Question

Using euclids division lemma show that the cube of any positive integer is either in the form of 9m or 9m 1 or 9m 8

Answer 1

Euclid's division lemma :

$\boxed{\boxed{a \:=\: bq \:+ \:r}}$

Here, a = any positive integer; which are in the form 3q, 3q + 1 and 3q + 2.

$\underline{Case \:1.}$

a = 3q

cube on both sides

(a)³ = (3q)³

a³ = 27q³

a³ = 9(3q³)

$\boxed{{a}^{3}\: = \:9m}$

[ As m = 3q³ ]

$\underline{Case\: 2.}$

a = 3q + 1

cube on both sides

(a)³ = (3q + 1)³

a³ = 27q³ + 27q² + 9q + 1

a³ = 9(3q³ + 3q² + q) + 1

$\boxed{{a}^{3} \:=\: 9m \:+ \:1}$

[ As m = 3q³ + 3q² + q ]

$\underline{Case \:3.}$

a = 3q + 2

cube on both sides

(a)³ = (3q + 2)³

a³ = 27q³ + 54q² + 36q + 8

a³ = 9(3q³ + 6q² + 4q) + 8

$\boxed{{a}^{3}\: =\: 9m\: + \:8}$

[ As m = 3q³ + 6q² + 4q ]

Hence;

Cube of any positive integer can be expressed in the form 9m, 9m + 1 or 9m + 8.

Answer 2

let us start by taking 'a' any positive integer and b = 3 (since any number which is divisible by 9, is also divisible by 3)

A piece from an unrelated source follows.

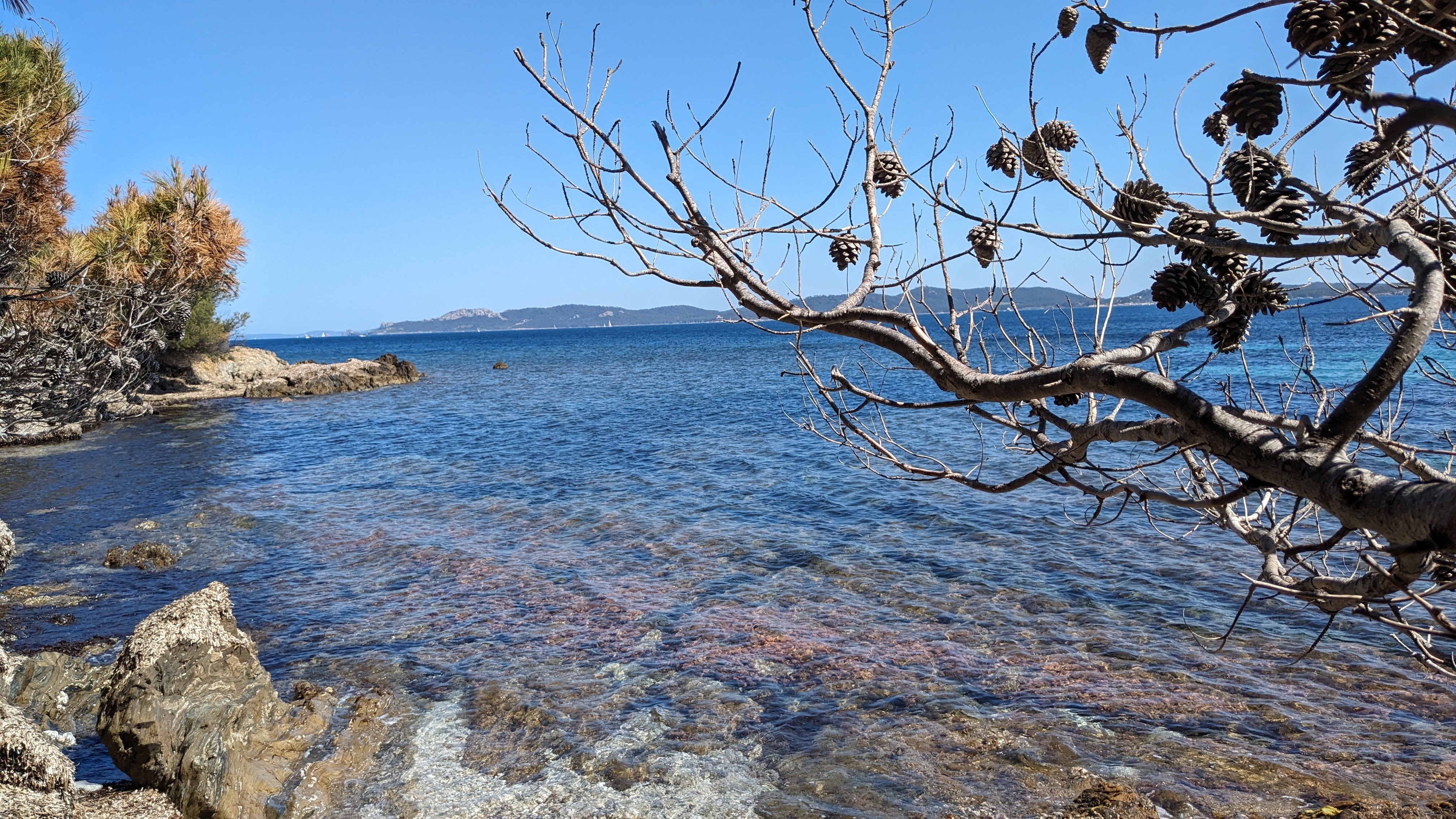 Vraiment un cadre exceptionnel avec de petites criques en bord de mer face à l'île de Porquerolles,de plus on peut aller à pied à l'embarcadère pour aller sur l'île en 15 mn à peine.... Plus besoin de voiture,c'est trop cool.

by Euclid's division algorithm,

a = bq + r where 0 ≤ r < b

therefore r = 0, 1 or 2

when r = 0, a = 3q + 0 ---------(i)

when r = 1, a = 3q + 1 ---------(ii)

when r = 2, a = 3q + 2 ---------(iii)

cubing both sides of (i), (ii), (iii)

➡ a³ = 3q³

= (9q)³

= 27q³

= 9(3q³)

= 9m

➡ a³ = (3q + 1)³

using identity, (a + b)³ = a³ + b³ + 3a²b + 3ab²

= (3q)³ + (1)³ + 3(3q)²(1) + 3(3q)(1)²

= 27q³ + 1 + 27q² + 9q

= (27q³ + 27q² + 9q) + 1

= 9(3q³ + 3q² + q) + 1

= 9m + 1

➡ a³ = (3q + 2)³

using identity, (a + b)³ = a³ + b³ + 3a²b + 3ab²

= (3q)³ + (2)³ + 3(3q)²(2) + 3(3q)(2)²

= 27q³ + 8 + 54q² + 36q

= (27q³ + 54q² + 36q) + 8

= 9(3q³ + 6q² + 4q) + 8

= 9m + 8

hence, it's proved that the cube of any positive integer is either in the form of 9m or 9m 1 or 9m 8.